R: I think that this is a common situation in many countries because the kind of people who become journalists are very often people who’ve studied the Humanities degrees, art degrees, maybe politics. They are not mathematicians, they are not statisticians. That means that it is a good idea for journalism schools to include statistics in their courses. Secondly, I think it is a real responsibility on editors, chief editors of publications to have some kind of framework for controlling the use of data and improving it. That includes training schemes: we used to have at The Economist regular courses of how to read balance sheets and this kind of things for our journalists, particularly younger ones. Secondly, it includes setting up the system of checking; thirdly it means that from the top of the publication, the “direttore”, should show that he or she takes this very seriously and that he or she is angry when there is a mistake made or false statistics used: they have to show that it is important and I think two or three editors show that they care about it and they need to send the signal.
Q: James Fontanella-Khan underlined the fact that lot of politicians do their statements and journalists just copy them without checking them. That’s a problem that in Italy is very severe because journalism has always been strictly connected with politics. What is the difference between the Italian situation and the british one?
R: I think in Britain journalism has always been less connected to politics than in Italy. Of course we have columnists who have political views and political affiliations and newspaper editors often decide to take as view from one political party or another, but most journalist, working even for these newspapers do not see their role as political. So I think that there is a cultural and historical difference and I would hope that as the media evolves in Italy and as different generations of editors come into positions of authority they will do their best to try to reduce this political nature of their publications because it reduces the reliability and authenticity of the publication. In America there are people who watch Fox News because it tells them things they already believe for political reason. What’s the future of that publication? It is not going to survive in the new internet digital world if it does not build a reputation or some kind of reliability, some kind of independence.
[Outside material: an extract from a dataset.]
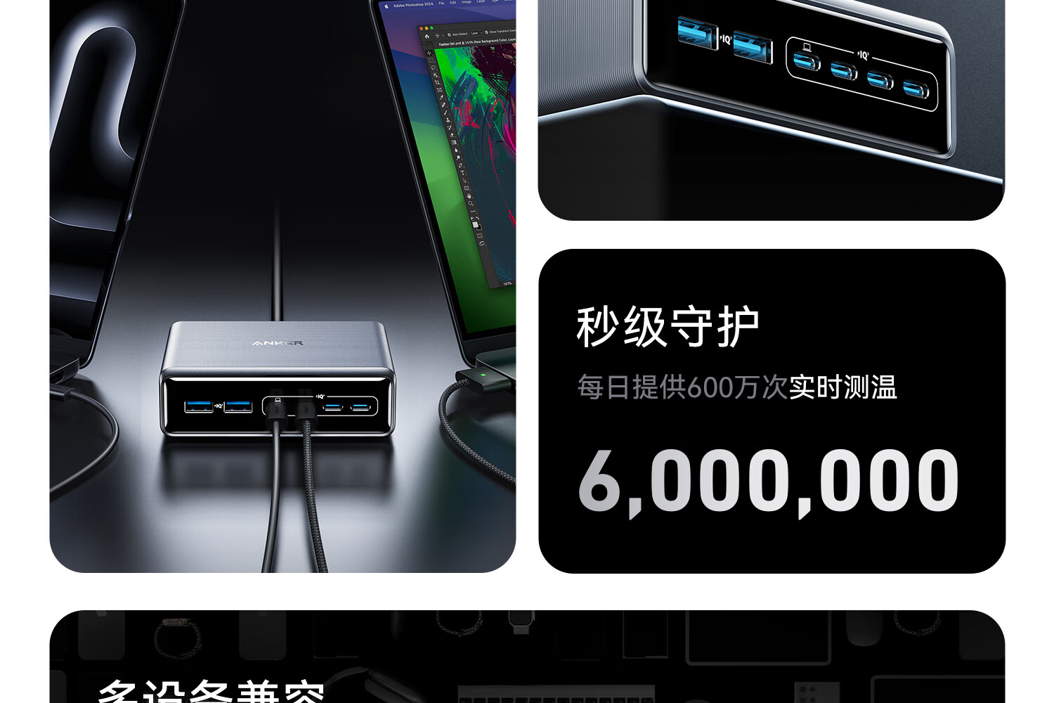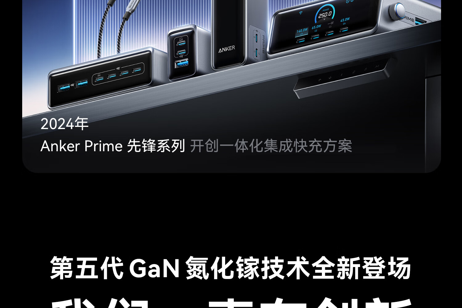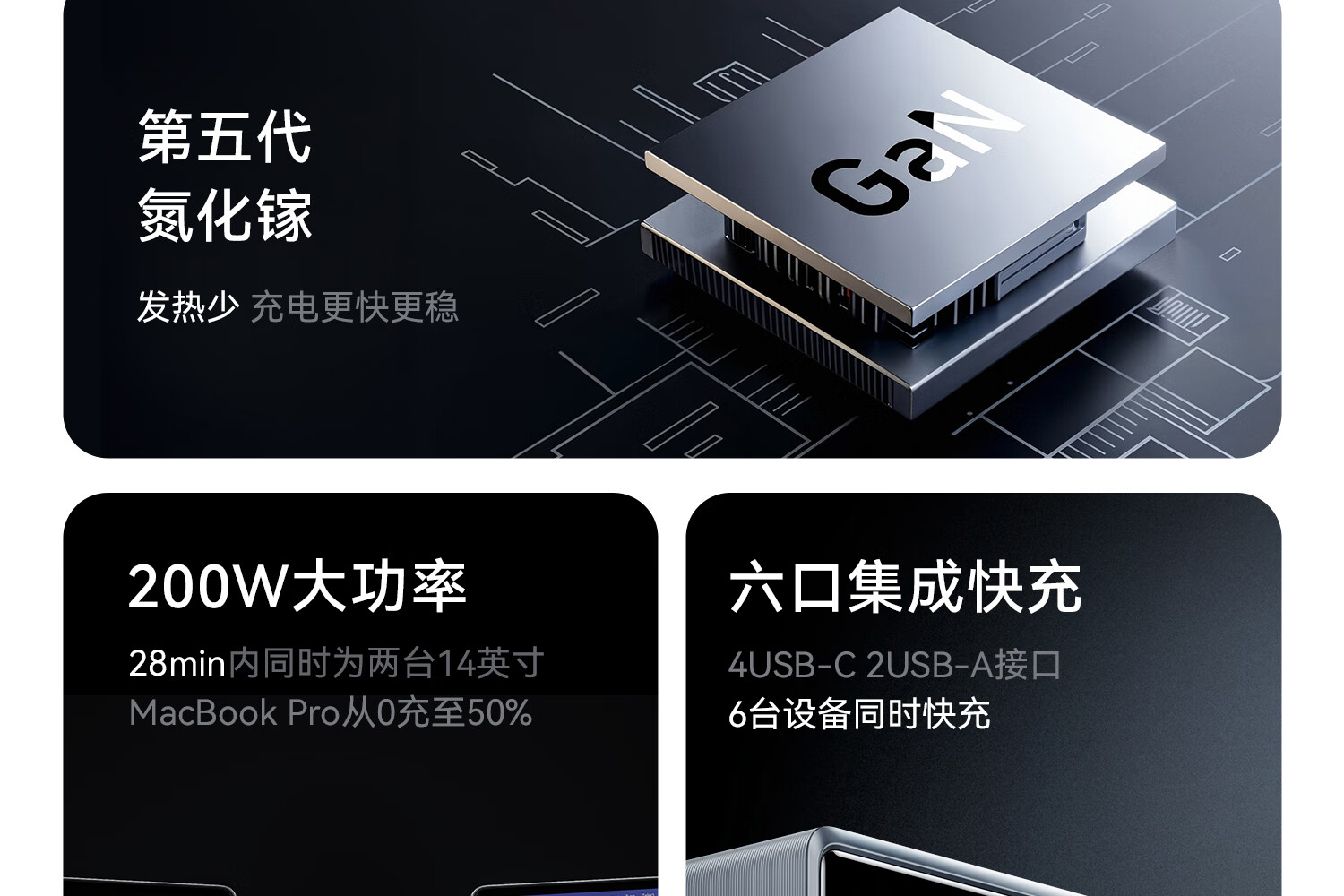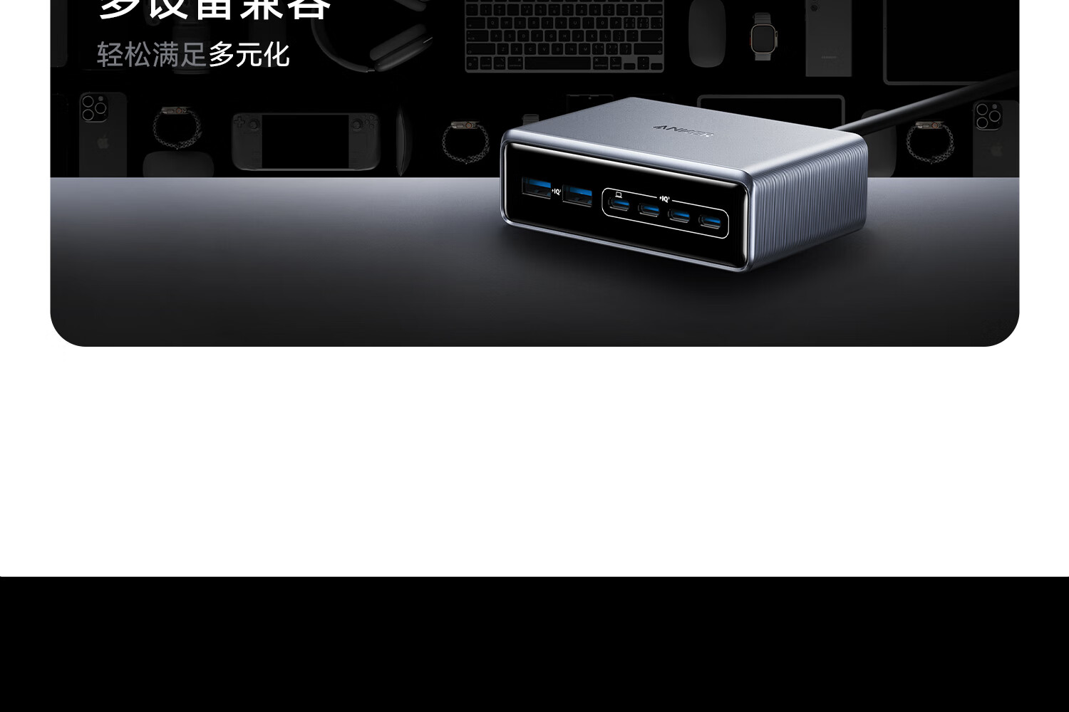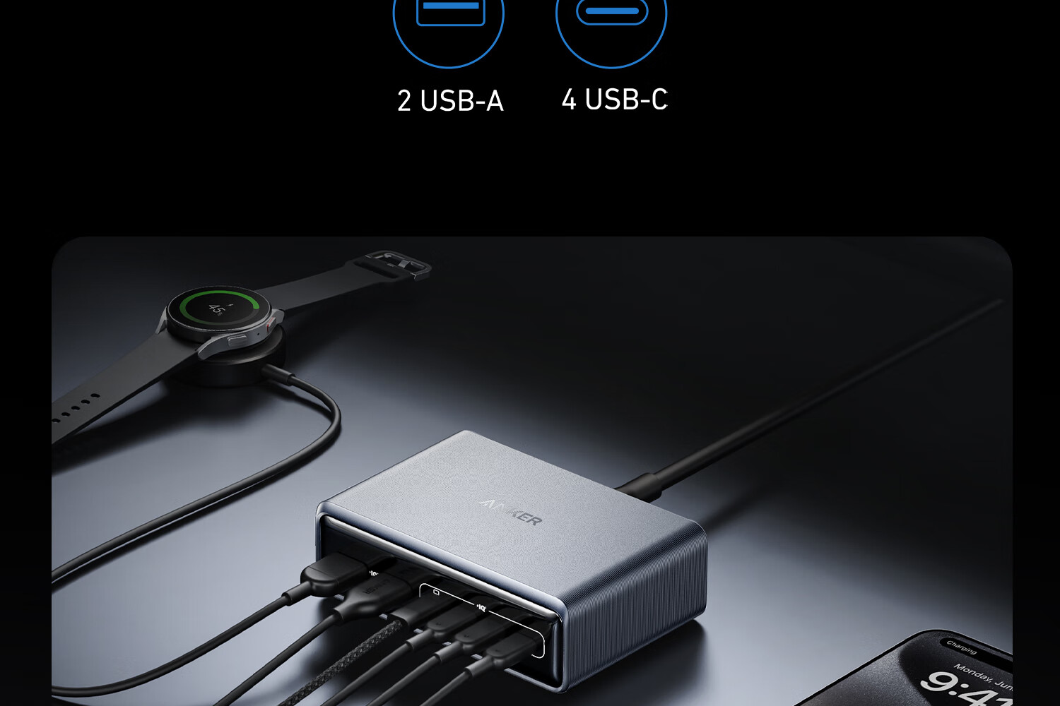安克Anker —200W 6口氮化镓桌面充电器A2683

So I think it is a suicidal path if newspapers continue this highly political nature of their journalism.
Q: Some of the debate’s speakers have mentioned a website, factcheck.org, so the World Wide Web represents a great opportunity, but what are the risks of it? If there are any.
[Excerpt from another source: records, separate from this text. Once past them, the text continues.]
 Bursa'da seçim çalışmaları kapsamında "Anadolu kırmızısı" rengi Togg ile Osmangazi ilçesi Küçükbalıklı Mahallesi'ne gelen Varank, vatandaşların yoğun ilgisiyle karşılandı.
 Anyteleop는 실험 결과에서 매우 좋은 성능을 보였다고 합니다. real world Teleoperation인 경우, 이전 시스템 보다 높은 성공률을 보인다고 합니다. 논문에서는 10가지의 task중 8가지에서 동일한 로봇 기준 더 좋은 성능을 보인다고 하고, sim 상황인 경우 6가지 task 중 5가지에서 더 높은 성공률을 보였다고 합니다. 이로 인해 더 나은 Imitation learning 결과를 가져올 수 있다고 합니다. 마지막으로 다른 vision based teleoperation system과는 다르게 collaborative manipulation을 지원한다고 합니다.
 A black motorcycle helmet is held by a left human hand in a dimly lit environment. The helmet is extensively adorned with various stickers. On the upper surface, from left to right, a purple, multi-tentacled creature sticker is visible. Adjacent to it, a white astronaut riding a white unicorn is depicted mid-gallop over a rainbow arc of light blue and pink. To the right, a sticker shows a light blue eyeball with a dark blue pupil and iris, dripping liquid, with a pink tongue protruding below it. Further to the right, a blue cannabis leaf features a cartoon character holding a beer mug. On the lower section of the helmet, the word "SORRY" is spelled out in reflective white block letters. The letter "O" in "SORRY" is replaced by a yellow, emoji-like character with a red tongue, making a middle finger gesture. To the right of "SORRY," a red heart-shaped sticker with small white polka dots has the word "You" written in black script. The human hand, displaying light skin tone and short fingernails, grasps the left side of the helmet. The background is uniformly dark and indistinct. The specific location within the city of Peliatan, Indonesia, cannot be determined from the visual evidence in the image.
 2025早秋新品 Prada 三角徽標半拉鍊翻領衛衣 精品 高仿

R: Well I think that one big risks is that you can’t get the proper resources to make these websites good enough and secondly the risk is that powerful political and corporate interests manage to influence and maybe take over this kind of operation. So it is not easy to do: it needs resources and it needs to be cleaner than clean, it needs to be pure and that is very difficult to achieve. That would be my worry if I was trying to set this up and I wish RENA (Reta per l’Eccellenza Nazionale, nda) good luck because I think that’s an excellent idea but no one should pretend that it’s easy to establish it. The tradition of big foundations like the “Annenberg Public Policy Centre” in the United States it’s such a different one from Italy: a kind of philanthropy that there is in the United States provides resources for this kind of activity that don’t exist in very many other countries. Certainly it doesn’t exist easily in Italy.